In response to “Academic support records: UNC players needed help” (Oct. 1) and other articles:
Treatment of student-athletes defrauded many at UNC
Advanced education is a privilege, not a right; one that requires significant investment. Not only did these student-athletes receive fraudulent educations, those who donated hard-earned financial support, or financed the education experience in any way, were defrauded in their significant investment in the future.
Every student (scholarship or otherwise), faculty member who teaches them, and administrator or staff member who supports them, should ask themselves the question – every day, “Am I working hard enough, and in an ethical manner, to justify the $(fill in the blank) investment?” Sadly, in this situation at UNC, the answer was “no.”
UNC scandal affirms need to invest in minority education
The embarrassing and tragic recent academic exposures at UNC are witness to past mistakes in education funding, leaving us with too many undereducated minority students.
The answer is not to put them on the sports field and enroll them in gut courses so they are eligible to play, but to invest more in the best remedy for past shortcomings by funding better education for them.
Richard A. Dickey
Cartoon misses the point of Obama’s words on slander
The Glenn McCoy cartoon in the Sept. 29 Observer was beyond the bounds of reasonable satire. McCoy depicts President Obama “swiping” the speech of Iran’s leader at the United Nations, while other caricatured “Muslim terrorists” look on approvingly.
Here is a more complete quote from Obama’s speech: “The future must not belong to those who slander the prophet of Islam. But to be credible, those who condemn that slander must also condemn the hate we see in the images of Jesus Christ that are desecrated, or churches that are destroyed, or the Holocaust that is denied.”
Does McCoy really believe we must answer intolerance with returned intolerance and hatred?
In response to “Streetcar plan again dominates budget talks” (Sept. 28):
Taxpayers need to see details on mayor’s capital plan
If Mayor Foxx really wants his capital plan passed, I’d urge him to focus more on building consensus. I suggest he abandon the divisive rhetoric about taxing the more affluent areas to benefit the less developed ones.

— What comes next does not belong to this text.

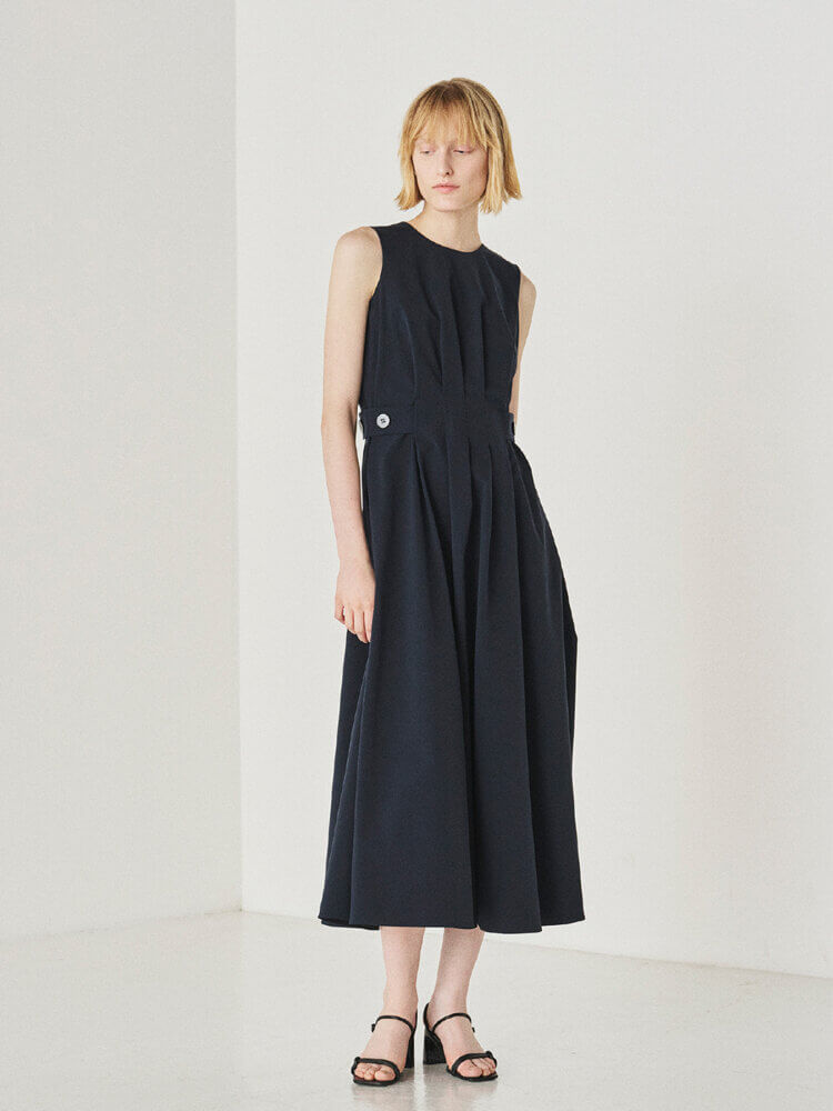 ウエスト周りのタックデザインと、大き目の釦を施したタブベルトがポイントになったエレガントな雰囲気漂うワンピース。

Instead, I urge him to put together a detailed list of projects, with some level of cost-benefit analysis for each, and open it up to public debate. Show the taxpayers where he plans to spend their money and explain the benefits of each project.
In response to “Race, a cartoon and a missed conversation” (Sept 29):
Want to have a “conversation”? Start by educating yourself
Begin the “missed conversation.” Take two hours and visit AMERICA I AM, 500 years of African American History and contributions at the Gantt Center. The conversation can begin! I visited today with my daughter, we both came away enlightened.
Janice Valder Offerman
In response to “Hospitals probed on use of drug discounts” (Sept. 30):
Hospitals showing more greed with charges for chemotherapy
It’s time someone probes the big N.C. hospitals even if they are non-profit. It is not non-profit to buy up the practices of oncologists and mark up the chemo treatment 10 times over the cost. I would call this “greed” rather than non-profit.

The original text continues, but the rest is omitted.